Abstract

Background and Objective:Motion analysis is crucial for effective and timely rehabilitative interventions on people with motor disorders. Conventional marker-based (MB) gait analysis is highly time-consuming and calls for expensive equipment, dedicated facilities and personnel. Markerless (ML) systems may pave the way to less demanding gait monitoring, also in unsupervised environments (i.e., in telemedicine). However,scepticism on clinical usability of relevant outcome measures has hampered its use. ML is normally used to analyse treadmill walking, which is significantly different from the more physiological overground walking. This study aims to provide end-users with instructions on using a single-camera markerless system to obtain reliable motion data from overground walking, while clinicians will be instructed on the reliability of obtained quantities. Methods:The study compares kinematics obtained from ML systems to those concurrently obtained from marker-based systems, considering different stride counts and subject positioning within the capture volume. Results:The findings suggest that five straight walking trials are sufficient for collecting reliable kinematics with ML systems. Precision on joint kinematics decreased at the boundary of the capture volume. Excellent correlation was found between ML and MB systems for hip and knee angles (0.92<R2<0.96), with slightly lower correlations observed for ankle plantar-dorsiflexion. The Bland–Altman analysis indicated the largest bias for hip flexion/extension ([0.2∘,10.9∘]) and the smallest for knee joint ([0.1∘,0.8∘]) when comparing MB-PiG and MB-JC approaches.
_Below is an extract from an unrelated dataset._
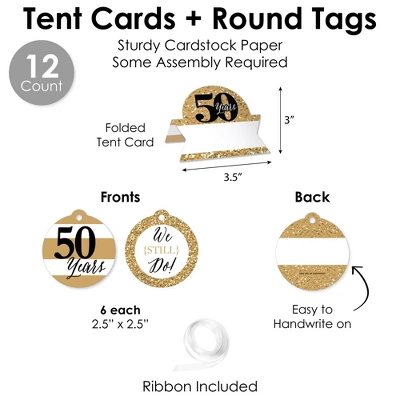 Sign with Stand includes 1 We Still Do – 50th Wedding Anniversary sign with a built-in stand that you can place at your Snack bar. Sign measures 7.5 inches wide by 11 inches tall and requires some easy DIY assembly. To display, fold the sides of the stand towards the center and then fold down the support piece of the stand until it rests in the notches. Bunting Banner includes letters and themed pennants that measure 5 inches wide x 7.25 inches tall. Easily make a statement with this decorative banner at your Anniversary Party. Pennants spell out “Love Is Sweet” and come in a numbered sequence with ribbon included for easy assembly. Tent Cards includes 12 place cards that measure 3 inches wide by 3.5 inches tall when assembled. To use, push back the top outer edge, revealing the half-circle top. Fold along the pre-scored line in the center to create the tent shape, and then add your own wording for display! Straw Decor Flags includes 12 flag pennant cut-outs, size 2.25 inches wide by 1.5 inches tall when folded, and chevron paper straws – 7.75 inches tall. To assemble, place the included adhesive dot to the inside of the flag and then attach the straw! Tags and Cut-outs includes 12 round tags and 12 hexagonal cut-outs. They measure 2.25 inches wide x 2.25 inches tall. Round tags come with playful We Still Do – 50th Wedding Anniversary phrases and include coordinating pre-cut ribbon for easy DIY favor decorations. Cut-outs are reversible and make for the perfect table decor accents. We Still Do – 50th Wedding Anniversary Bar Decorations Kit uses a No-Mess Glitter Print: Our decoration kit is designed with a printed image of glitter, eliminating glitter flake while maximizing bling effect!

For MB-JC vs. ML-JC comparison, the largest bias was for the ankle joint ([1.2∘,11.8∘]), while the smallest was for the hip joint ([0.2∘,7.3∘]). Conclusion:Single-camera markerless motion capture systems have great potential in assessing human joint kinematics during overground walking. Clinicians can confidently rely on estimated joint kinematics while walking, enabling personalized interventions and improving accessibility to remote evaluation and rehabilitation services, as long as: (i) the camera is positioned to capture someone walking back and forth at least five times with good visibility of the entire body silhouette; (ii) the walking path is at least 2 m long; and (iii) images captured at the boundaries of the camera image plane should be discarded.